The Fed raised rates again in March with the target Fed Funds rate now at 0.75-1.0%. It is anticipated that this rate hike will be the first of a few this year but as we have come to learn, the plan Fed policymakers present in one quarter can be significantly different from the actual changes in the policy rate in subsequent quarters. If inflation continues to take hold, it can be expected that the Fed will respond with another hike or two this year. However, there are no shortage of external factors that could put additional rate hikes on hold in 2017. No matter what happens the rest of the year regarding monetary policy, we have already witnessed something this year that had not happened since before the financial crisis: increases in the Fed Funds rate in consecutive quarters.
Despite the strong start to the year in US and global equity markets, the torrid pace slowed down in March. The S&P 500 returned 0.12% in the final month of the quarter while the MSCI All Country World Index rose 1.22%. US markets continued to rise in the quarter following the inauguration of President Trump. Similar to the post-election stock market rally at the end of 2016, the performance in US markets is largely attributable to the new administration’s pro-business rhetoric: tax cuts, regulatory reform and infrastructure spending. Some have said the pro-business talk has revived the “animal spirits” in the US. While it certainly seems like markets have become increasingly confident in the future business environment backed by strong hiring numbers and consumer confidence surveys, we are a little more skeptical. In our view, the post-election rally that continued into the first quarter of this year “priced to perfection” the anticipated pro-growth policies that Trump would pursue with the help of a Republican-controlled House and Senate.
In a way, March was a wakeup call for markets as investors seemed to realize that talking about major tax overhaul and spending plans is much different than implementing such legislation. The discrepancy between campaign rhetoric and legislative change was highlighted by the House’s plan on repealing the Affordable Care Act. The infighting that surrounded the bill in the House, combined with Senators proclaiming the bill would be dead on arrival and an ambivalent President, made clear that any legislative changes would be challenging to accomplish. Even in a best-case scenario, legislative change takes time. The health care debate showed that large-scale overhauls not only will take time, but may not come to fruition at all, or be much smaller in scale that Trump campaigned on.
Tax reform is another big-ticket item that Republicans want to tackle early on, but even if Trump is more personally invested in tax reform than he has been with health care reform, the task is still monumental.
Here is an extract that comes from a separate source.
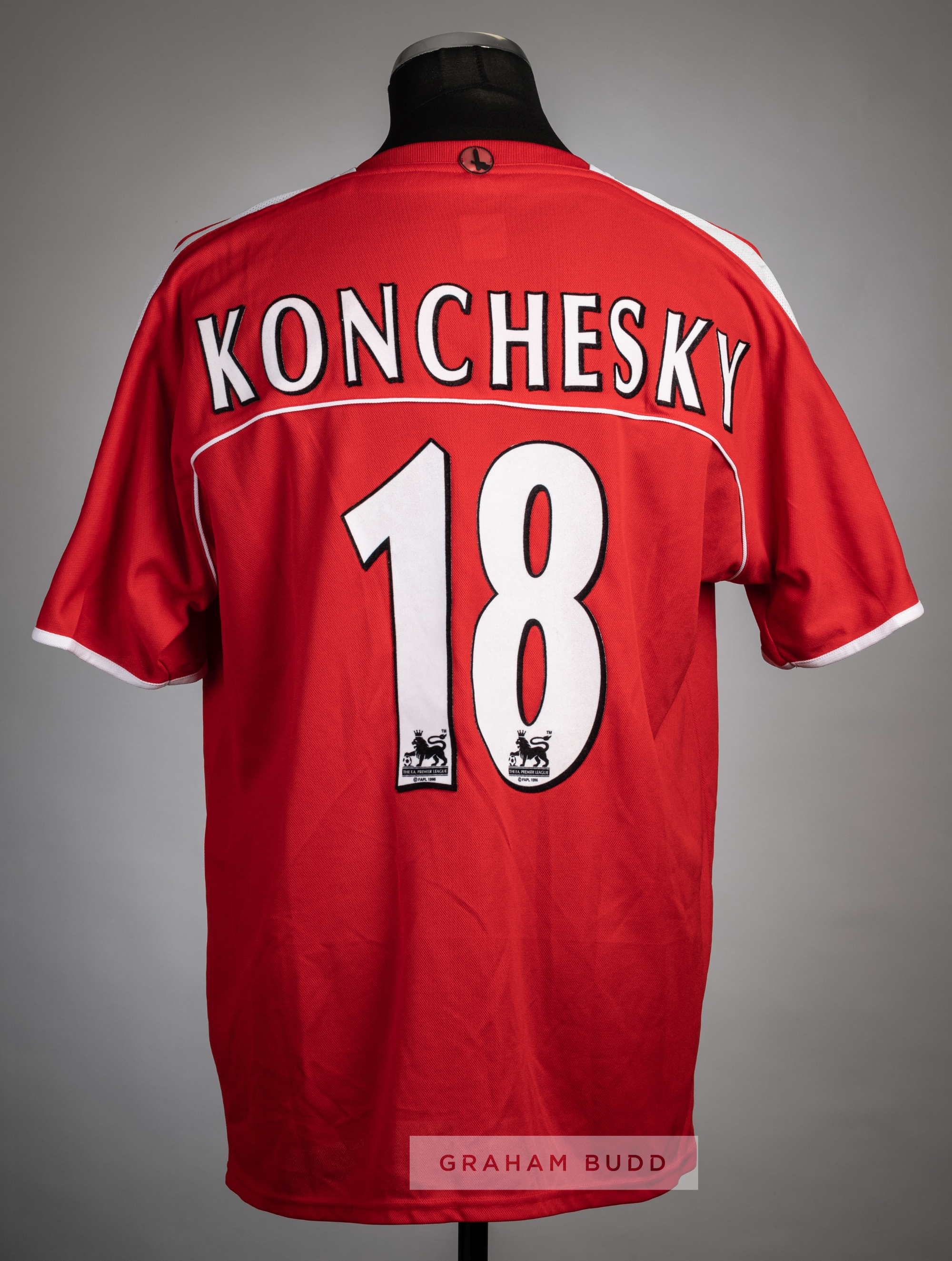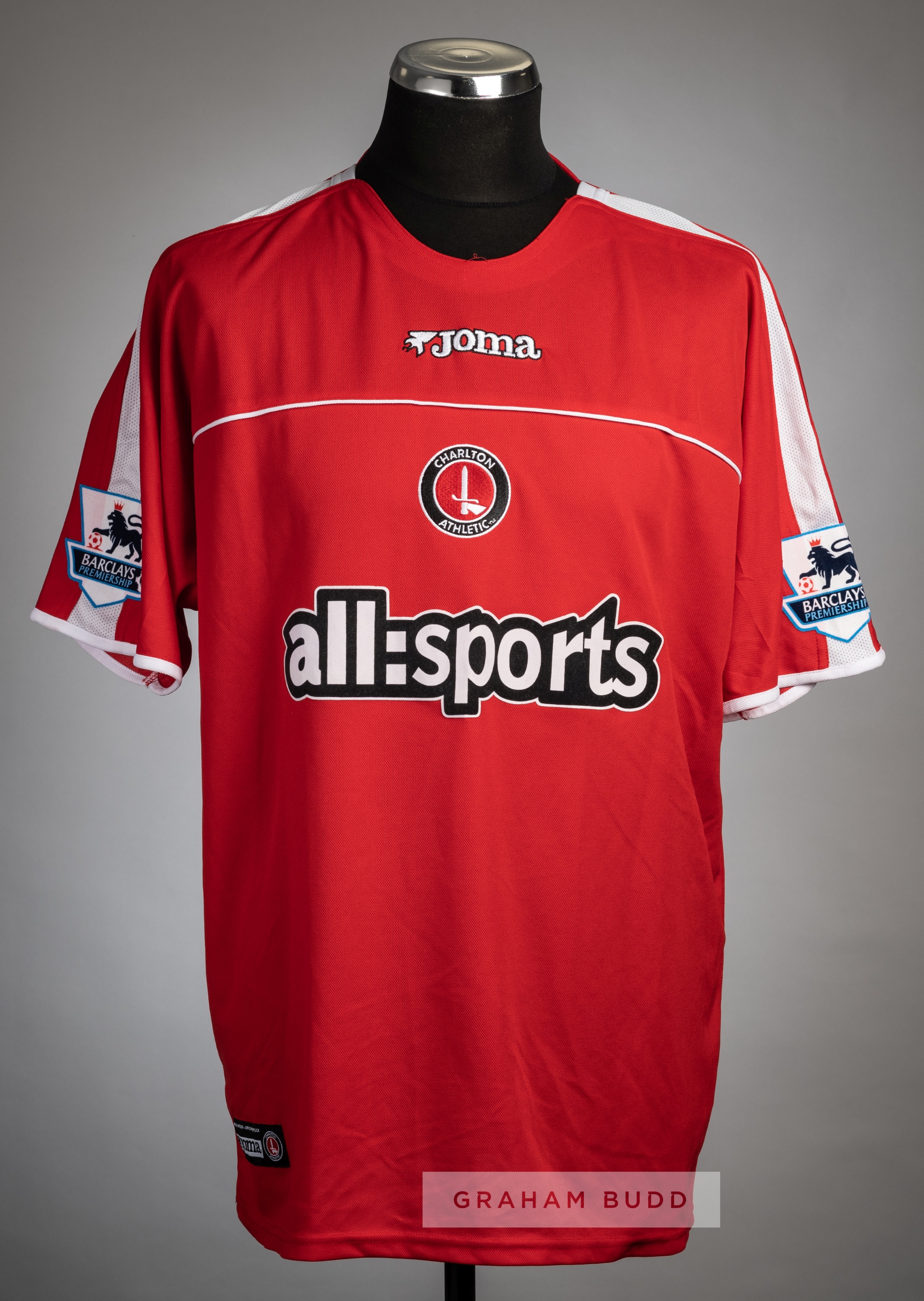 Paul Konchesky red Charlton Athletic no.18 home jersey v Arsenal at The Valley, 1st January 2005, Joma, short-sleeved with BARCLAYS PREMIERSHIP sleeve badges, embroidered club crest and Joma logo, sponsor logo, reverse lettered KONCHESKY This fixture resulted in a 3-1 win for Arsenal. Paul Konchesky played as a 64th minute substitute. Paul Konchesky played with Charlton Athletic during 1997-2005, making 149 appearances scoring five goals.

Even if some Democrats are convinced to support a tax reform bill because of middle class tax cuts for example, they are unlikely to provide the bipartisan support needed before the 2018 midterm elections to minimize the chance Trump gets a big “win” in the first part of his term. This supports our belief that stock markets, already sitting at high valuations, got ahead of themselves early in the quarter and this was followed by a slight pullback at the end March. In sum, while we are hopeful for a pro-growth corporate tax reform bill, we are not anticipating a major change just yet—although any progress towards one in Congress might be enough to guide equity markets even higher.
On the short-term horizon, increased market volatility may be in store for the second quarter of 2017 for a number of reasons. First, if the Fed raises rates again investors may be enticed to move money out of equities and into higher-yielding US Treasuries. Additionally, if economic growth in Europe continues to pick up, European debt may begin to look more attractive relative to yields over the last year, which could also draw money out of stock markets.
On the flipside of positive economic growth in Europe however lies the potential for destabilizing effects if Marine Le Pen wins the French presidential election. Her anti-Euro, pro-nationalism platform could serve as a knockout punch to the European Union. Based on current polling Le Pen has been gaining momentum recently, although she is still likely to lose to Emmanuel Macron. The French election, set to begin later this month, may be the biggest event with serious market-moving potential on the calendar for both the quarter and the entire year. If 2016 taught us anything, though, it is that unexpected outcomes in political events may send markets down in the short-term but that they have yet to derail the US equity bull market. The French election may prove to be different, but US equity markets have been resilient over the last 5 years. The escalation of conflict in Syria may also provide a case study in geopolitical driven volatility in the short-run that is outweighed by stronger market fundamentals over the course of the year.
Constructing durable asset allocations remains our primary focus, given all of the various economic and political puts and takes. We will also continue to take advantage of market dislocations during periods of uncertainty when we believe compelling opportunities present themselves.